Exercise goal: Only the pictures should be left out; write out all other data exactly.

Data entries:
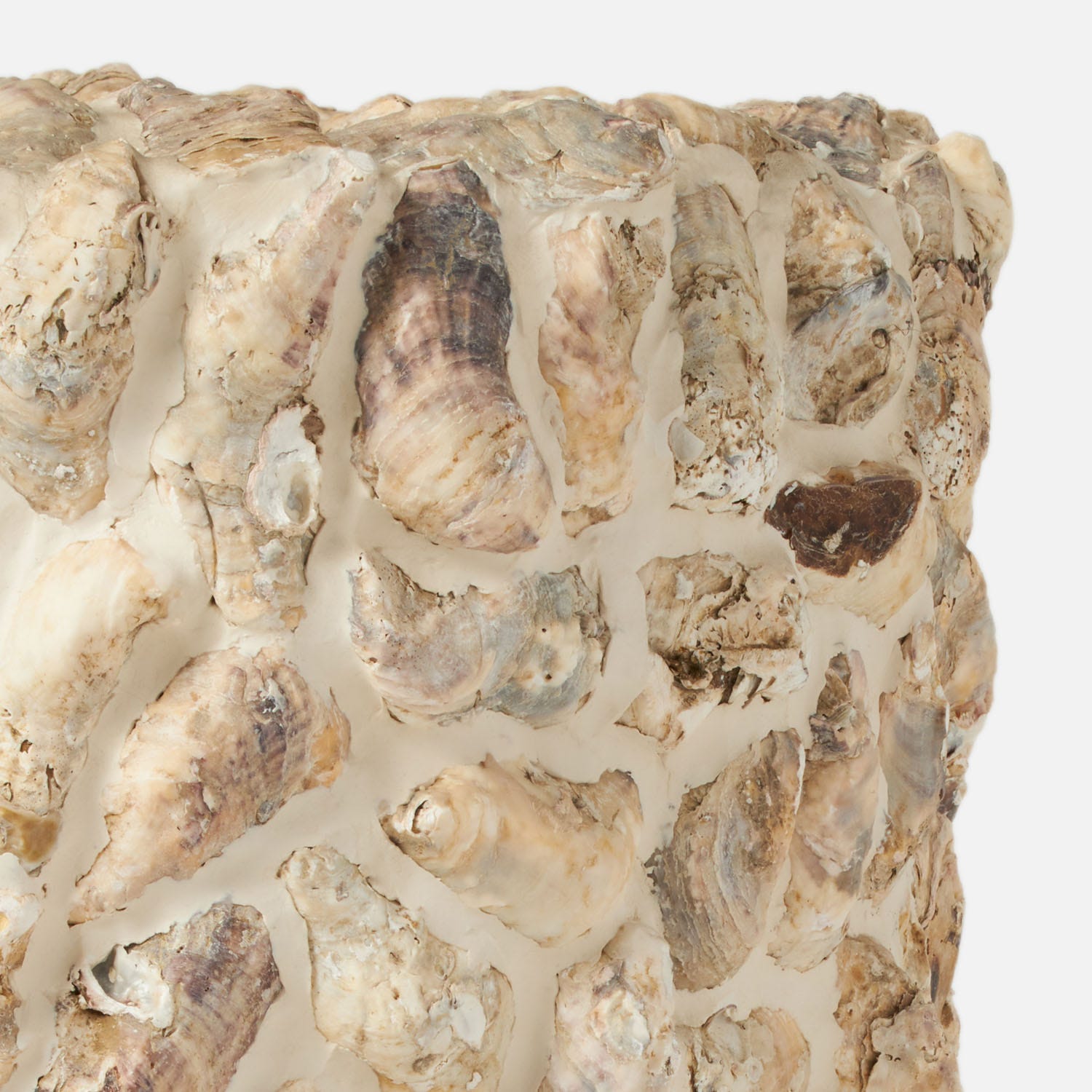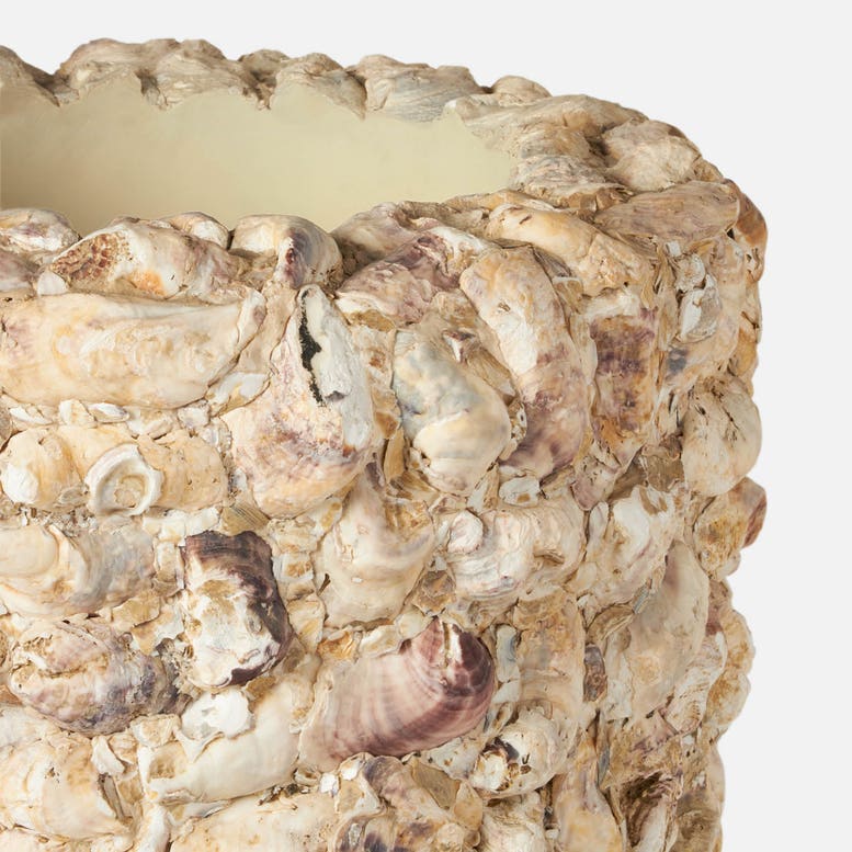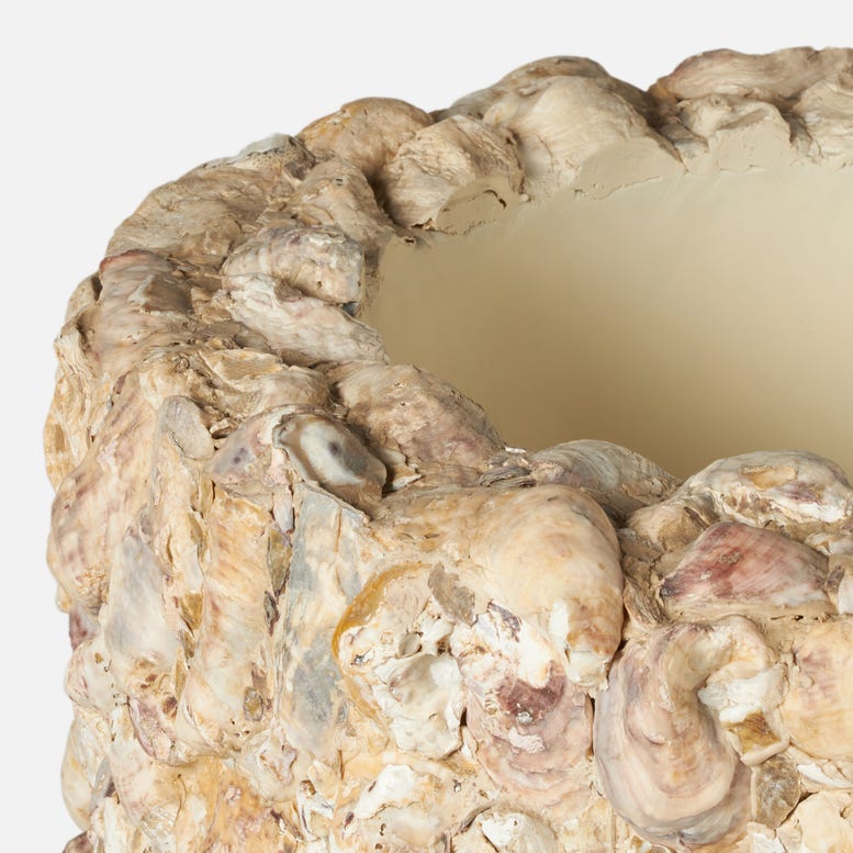 Piles of raw oyster shells take texture to new heights in Borsala, a convex planter. Each piece is one of a kind.
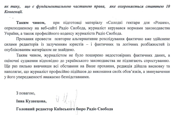 Ми підготували разом з медіаюристами та юристами з земельного права розгорнуту аргументовану відповідь “Рошен”, за підписом та затвердженням головного редактора українського бюро “Радіо Свобода” Інни Кузнецової».
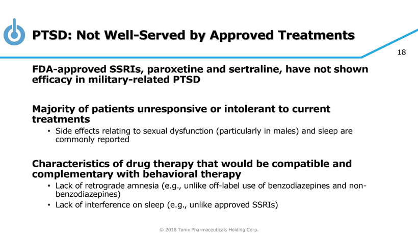 © 2018 Tonix Pharmaceuticals Holding Corp. 17 What Drug Classes are Used to Treat PTSD? * TRx = Total prescriptions 1 VA/DoD Clinical Practice Guideline for the Management of Post - Traumatic Stress, Version 2, 2010 2 IMS Consulting, Market Sizing & Treatment Dynamics: “Post - Traumatic Stress Disorder (PTSD) Patients", 2016 Benzodiazepines 2.84 M TRx SSRIs 2.84 M TRx Other Antidepressants Non - benzodiazepine Hypnotics Serotonin and norepinephrine reuptake inhibitors (SNRIs) Tricyclic Antidepressants Adrenergic Agents All Others Atypical Antipsychotics Anticonvulsants/Mood Stabilizers Market highly fragmented, with benzodiazepines widely prescribed (but not indicated) 1 • Multiple medications per patient (or “Polypharmacy”) is the norm • Approximately 55% of patients receive a benzodiazepine, and 53% receive a selective serotonin reuptake inhibitor (SSRI) • SSRIs are the only FDA - approved drug class Estimated PTSD Market Volume (Civilian Population Only) ~14.1 million TRx * 2
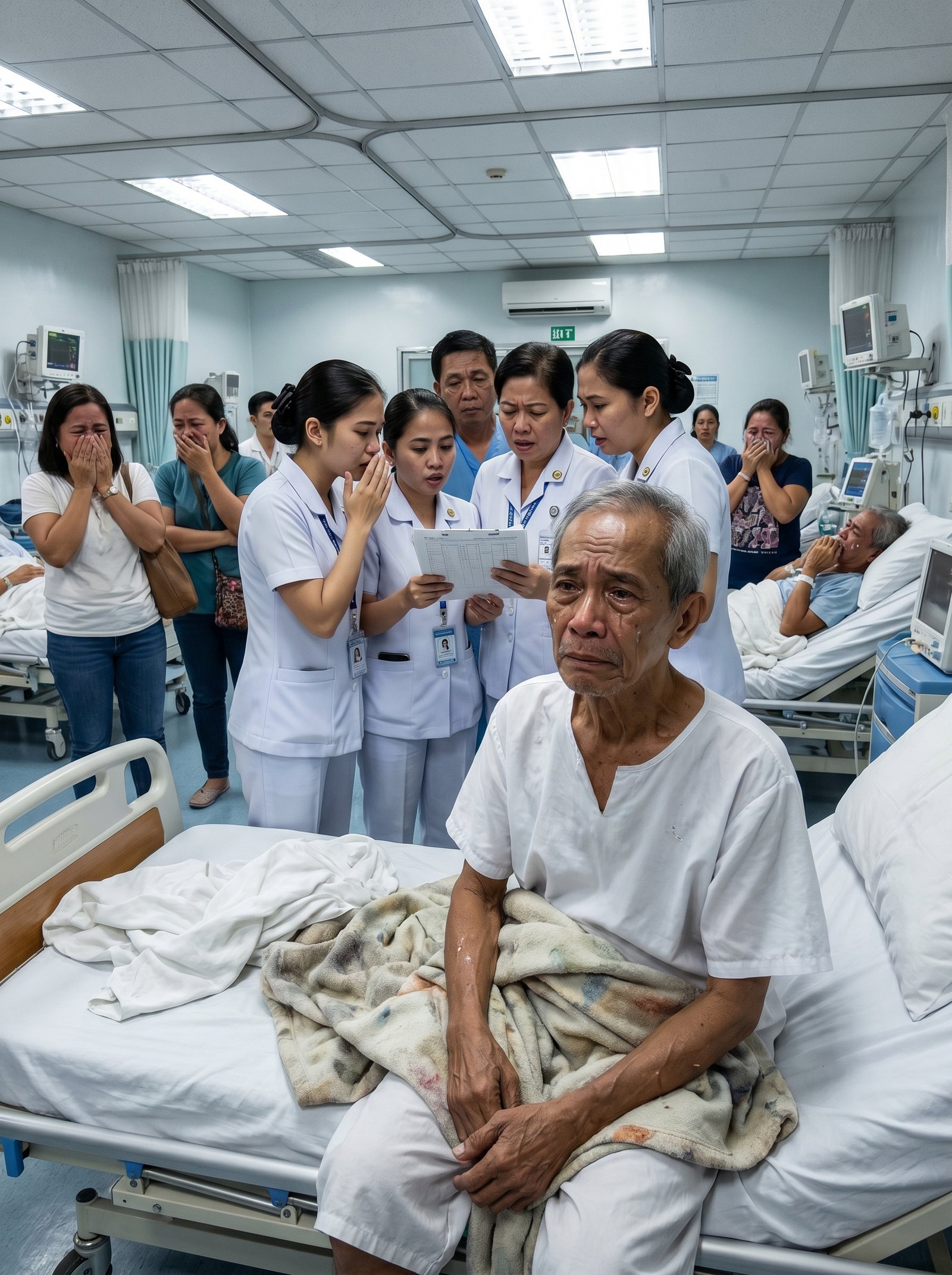 Sa gilid ng ward, may isang babaeng bantay na napasandal na lang sa pader sa sobrang iyak. Ang isa pang pasyente sa likurang kama ay nakatakip ang kamay sa mukha. At sa gitna ng mapuputing ilaw, mga kumot, monitor, at tunog ng ospital, isang matandang pasyenteng akala ng lahat ay walang kamag-anak ang naging dahilan ng pagluha ng buong silid.
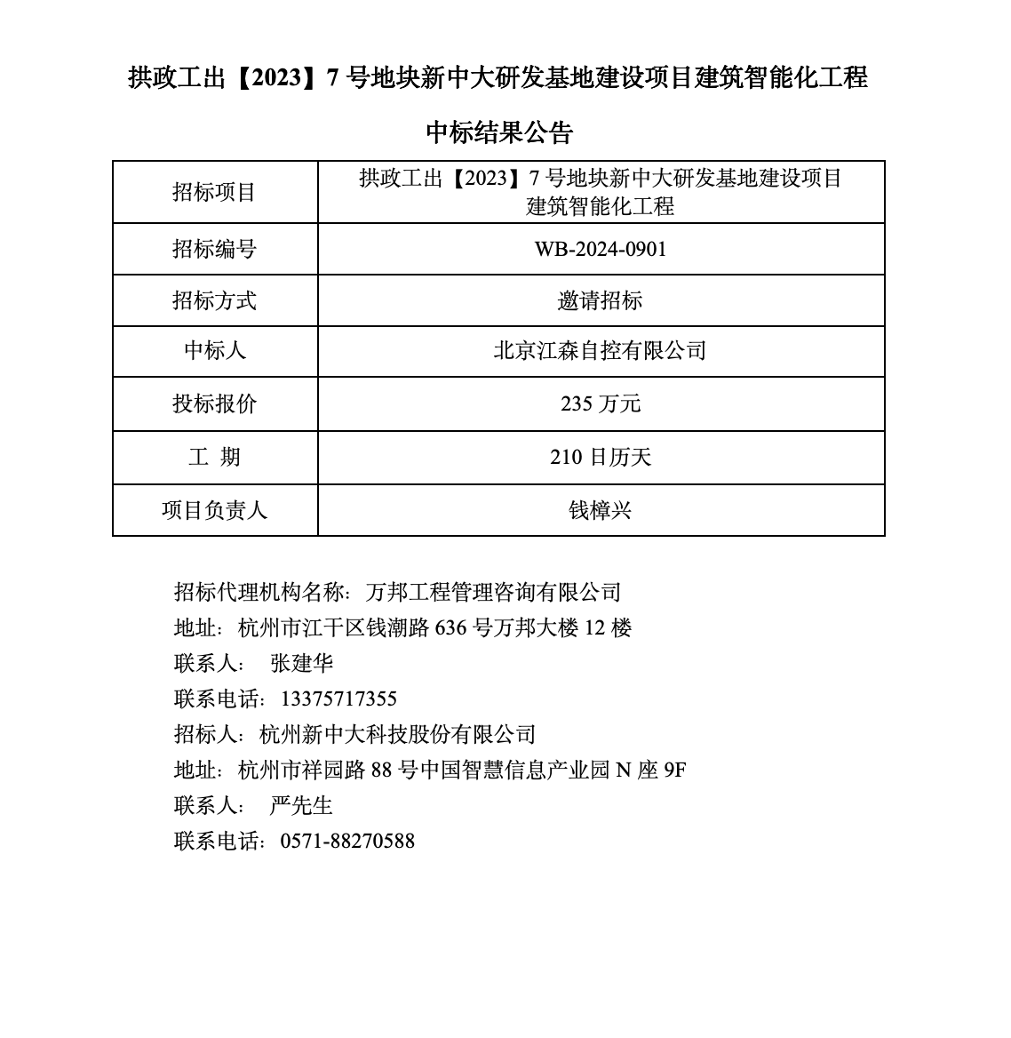 拱政工出【2023】7号地块新中大研发基地建设项目建筑智能化工程 中标结果公告

Answer box:
 Piles of raw oyster shells take texture to new heights in Borsala, a convex planter. Each piece is one of a kind.
 Ми підготували разом з медіаюристами та юристами з земельного права розгорнуту аргументовану відповідь “Рошен”, за підписом та затвердженням головного редактора українського бюро “Радіо Свобода” Інни Кузнецової».
 © 2018 Tonix Pharmaceuticals Holding Corp. 17 What Drug Classes are Used to Treat PTSD? * TRx = Total prescriptions 1 VA/DoD Clinical Practice Guideline for the Management of Post - Traumatic Stress, Version 2, 2010 2 IMS Consulting, Market Sizing & Treatment Dynamics: “Post - Traumatic Stress Disorder (PTSD) Patients", 2016 Benzodiazepines 2.84 M TRx SSRIs 2.84 M TRx Other Antidepressants Non - benzodiazepine Hypnotics Serotonin and norepinephrine reuptake inhibitors (SNRIs) Tricyclic Antidepressants Adrenergic Agents All Others Atypical Antipsychotics Anticonvulsants/Mood Stabilizers Market highly fragmented, with benzodiazepines widely prescribed (but not indicated) 1 • Multiple medications per patient (or “Polypharmacy”) is the norm • Approximately 55% of patients receive a benzodiazepine, and 53% receive a selective serotonin reuptake inhibitor (SSRI) • SSRIs are the only FDA - approved drug class Estimated PTSD Market Volume (Civilian Population Only) ~14.1 million TRx * 2
 Sa gilid ng ward, may isang babaeng bantay na napasandal na lang sa pader sa sobrang iyak. Ang isa pang pasyente sa likurang kama ay nakatakip ang kamay sa mukha. At sa gitna ng mapuputing ilaw, mga kumot, monitor, at tunog ng ospital, isang matandang pasyenteng akala ng lahat ay walang kamag-anak ang naging dahilan ng pagluha ng buong silid.
 拱政工出【2023】7号地块新中大研发基地建设项目建筑智能化工程 中标结果公告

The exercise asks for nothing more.